** Dataset excerpt follows **

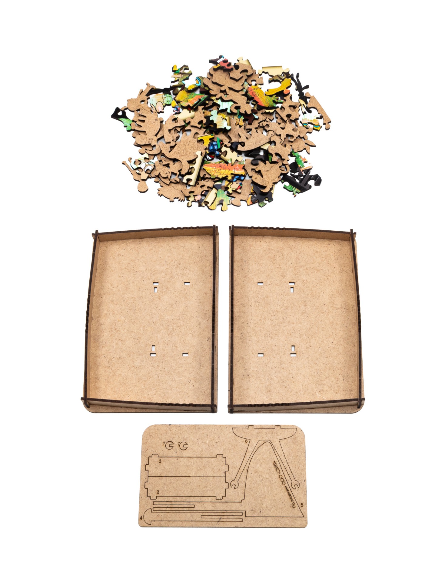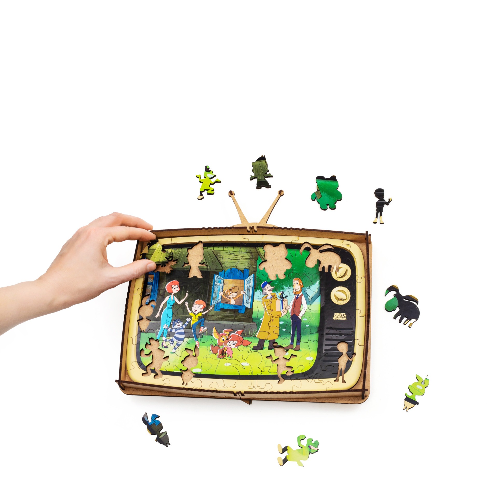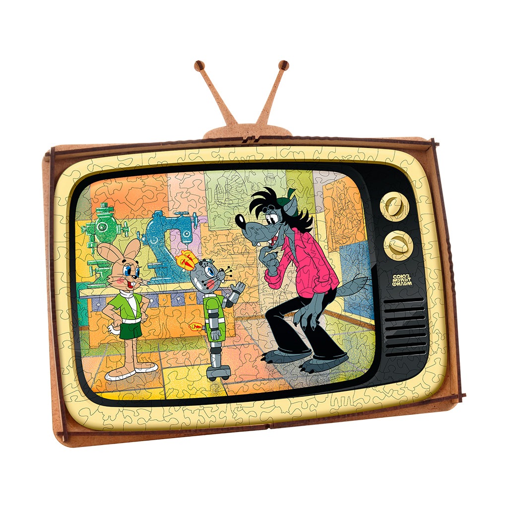 А главной фишкой этого пазла является его коробка, которая трансформируется в подставку для пазла в виде ретро телевизора. Деревянный пазл станет прекрасным подарком для всех любителей мультфильмов Союзмультфильма и для тех, кто хочет сохранить и передать своим детям частичку своего детства.
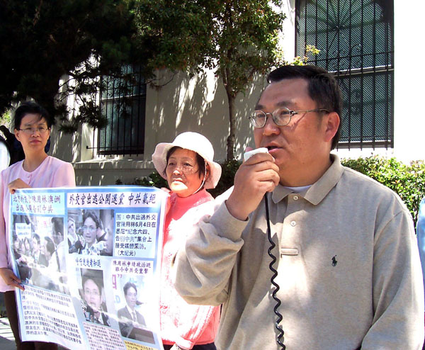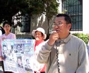 居住在旧金山的法轮功学员潘军,特意赶来参加记者会,他表示,来此是要以亲身经历,揭露中共在海外对法轮功学员的迫害。他介绍,2000年10月22日,当他与其他的法轮功学员一起,在中国城花园角炼功时,遭到一群不认识的人围殴。他当时按照法轮功所教“打不还手,骂不还口”,没有反抗;他的眼镜被打破,衣服被扯烂,鼻子被打出了血。当时被打伤的还有好几位法轮功学员。
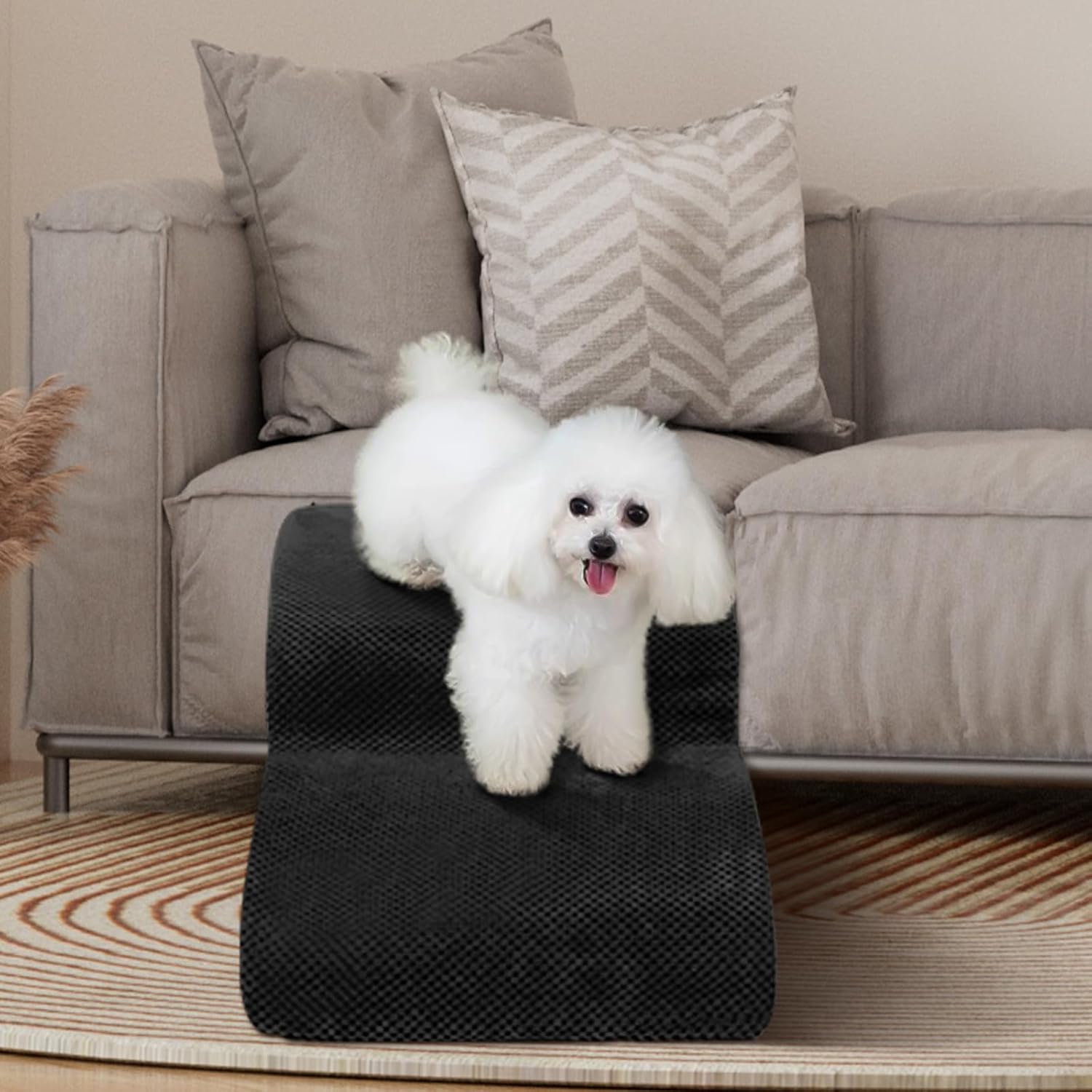 - Light Weight But Sturdy: The pet stairs are made of 33D high-density, high-resilient lightweight foam. The rebound foam stairs are stable and not easy to deform, have good supportability, and are easy to move

** End of Dataset excerpt **

Send back the data above word for word, with the pictures left out.

◆ **Completed task**:
 А главной фишкой этого пазла является его коробка, которая трансформируется в подставку для пазла в виде ретро телевизора. Деревянный пазл станет прекрасным подарком для всех любителей мультфильмов Союзмультфильма и для тех, кто хочет сохранить и передать своим детям частичку своего детства.
 居住在旧金山的法轮功学员潘军,特意赶来参加记者会,他表示,来此是要以亲身经历,揭露中共在海外对法轮功学员的迫害。他介绍,2000年10月22日,当他与其他的法轮功学员一起,在中国城花园角炼功时,遭到一群不认识的人围殴。他当时按照法轮功所教“打不还手,骂不还口”,没有反抗;他的眼镜被打破,衣服被扯烂,鼻子被打出了血。当时被打伤的还有好几位法轮功学员。
 - Light Weight But Sturdy: The pet stairs are made of 33D high-density, high-resilient lightweight foam. The rebound foam stairs are stable and not easy to deform, have good supportability, and are easy to move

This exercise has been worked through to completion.